• WHAT YOU NEED TO DO: Once the line containing "Portafolio con diseño" is found in the entries below, restate it and each following line word for word, stopping after the line containing "A Bahnhofstraße vai".

• DATA EXCERPTS:
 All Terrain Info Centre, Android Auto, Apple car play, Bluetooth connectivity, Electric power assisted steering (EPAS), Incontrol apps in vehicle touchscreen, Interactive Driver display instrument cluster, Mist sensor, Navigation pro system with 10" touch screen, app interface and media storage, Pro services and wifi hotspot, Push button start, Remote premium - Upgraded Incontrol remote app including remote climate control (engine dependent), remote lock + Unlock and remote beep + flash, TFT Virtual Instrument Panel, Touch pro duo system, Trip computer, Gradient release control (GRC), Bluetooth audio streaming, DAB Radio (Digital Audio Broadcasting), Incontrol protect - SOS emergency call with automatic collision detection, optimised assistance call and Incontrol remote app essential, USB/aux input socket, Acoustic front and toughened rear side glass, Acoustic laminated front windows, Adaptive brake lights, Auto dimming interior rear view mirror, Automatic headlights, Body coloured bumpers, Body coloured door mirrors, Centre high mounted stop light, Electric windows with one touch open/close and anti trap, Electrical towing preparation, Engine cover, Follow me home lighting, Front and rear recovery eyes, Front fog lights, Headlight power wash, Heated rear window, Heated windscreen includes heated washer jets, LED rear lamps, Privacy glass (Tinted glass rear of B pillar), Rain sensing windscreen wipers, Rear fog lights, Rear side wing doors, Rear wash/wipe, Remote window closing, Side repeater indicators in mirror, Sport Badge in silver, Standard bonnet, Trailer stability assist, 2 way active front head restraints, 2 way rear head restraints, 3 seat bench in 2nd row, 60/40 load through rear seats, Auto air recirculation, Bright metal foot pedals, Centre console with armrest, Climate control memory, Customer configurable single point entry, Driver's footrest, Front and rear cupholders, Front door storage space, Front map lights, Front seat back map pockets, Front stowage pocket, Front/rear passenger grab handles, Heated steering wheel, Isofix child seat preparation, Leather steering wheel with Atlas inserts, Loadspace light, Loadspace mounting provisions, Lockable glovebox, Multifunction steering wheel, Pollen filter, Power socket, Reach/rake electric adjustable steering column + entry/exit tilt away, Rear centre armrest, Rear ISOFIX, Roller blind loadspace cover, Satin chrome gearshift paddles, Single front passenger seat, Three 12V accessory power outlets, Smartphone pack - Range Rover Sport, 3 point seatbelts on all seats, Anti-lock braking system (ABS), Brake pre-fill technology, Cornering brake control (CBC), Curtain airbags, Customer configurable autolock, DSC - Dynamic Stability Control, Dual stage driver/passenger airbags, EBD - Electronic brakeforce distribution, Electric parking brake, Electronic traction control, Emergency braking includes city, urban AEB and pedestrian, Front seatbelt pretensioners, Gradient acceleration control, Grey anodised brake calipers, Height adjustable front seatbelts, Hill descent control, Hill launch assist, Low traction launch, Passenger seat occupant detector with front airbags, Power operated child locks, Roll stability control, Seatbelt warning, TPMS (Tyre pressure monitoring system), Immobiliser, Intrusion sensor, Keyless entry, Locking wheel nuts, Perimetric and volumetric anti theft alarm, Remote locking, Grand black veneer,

---

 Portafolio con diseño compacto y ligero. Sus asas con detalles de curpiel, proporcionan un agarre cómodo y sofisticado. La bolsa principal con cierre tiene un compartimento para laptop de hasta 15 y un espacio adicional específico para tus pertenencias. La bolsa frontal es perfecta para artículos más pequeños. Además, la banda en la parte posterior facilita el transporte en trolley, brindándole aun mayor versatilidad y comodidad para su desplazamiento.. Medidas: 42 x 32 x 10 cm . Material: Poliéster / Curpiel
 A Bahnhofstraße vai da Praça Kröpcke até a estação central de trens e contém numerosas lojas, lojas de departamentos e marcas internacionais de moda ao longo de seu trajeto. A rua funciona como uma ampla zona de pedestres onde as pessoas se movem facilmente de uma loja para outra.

• TASK RESPONSE:
 Portafolio con diseño compacto y ligero. Sus asas con detalles de curpiel, proporcionan un agarre cómodo y sofisticado. La bolsa principal con cierre tiene un compartimento para laptop de hasta 15 y un espacio adicional específico para tus pertenencias. La bolsa frontal es perfecta para artículos más pequeños. Además, la banda en la parte posterior facilita el transporte en trolley, brindándole aun mayor versatilidad y comodidad para su desplazamiento.. Medidas: 42 x 32 x 10 cm . Material: Poliéster / Curpiel
 A Bahnhofstraße vai da Praça Kröpcke até a estação central de trens e contém numerosas lojas, lojas de departamentos e marcas internacionais de moda ao longo de seu trajeto. A rua funciona como uma ampla zona de pedestres onde as pessoas se movem facilmente de uma loja para outra.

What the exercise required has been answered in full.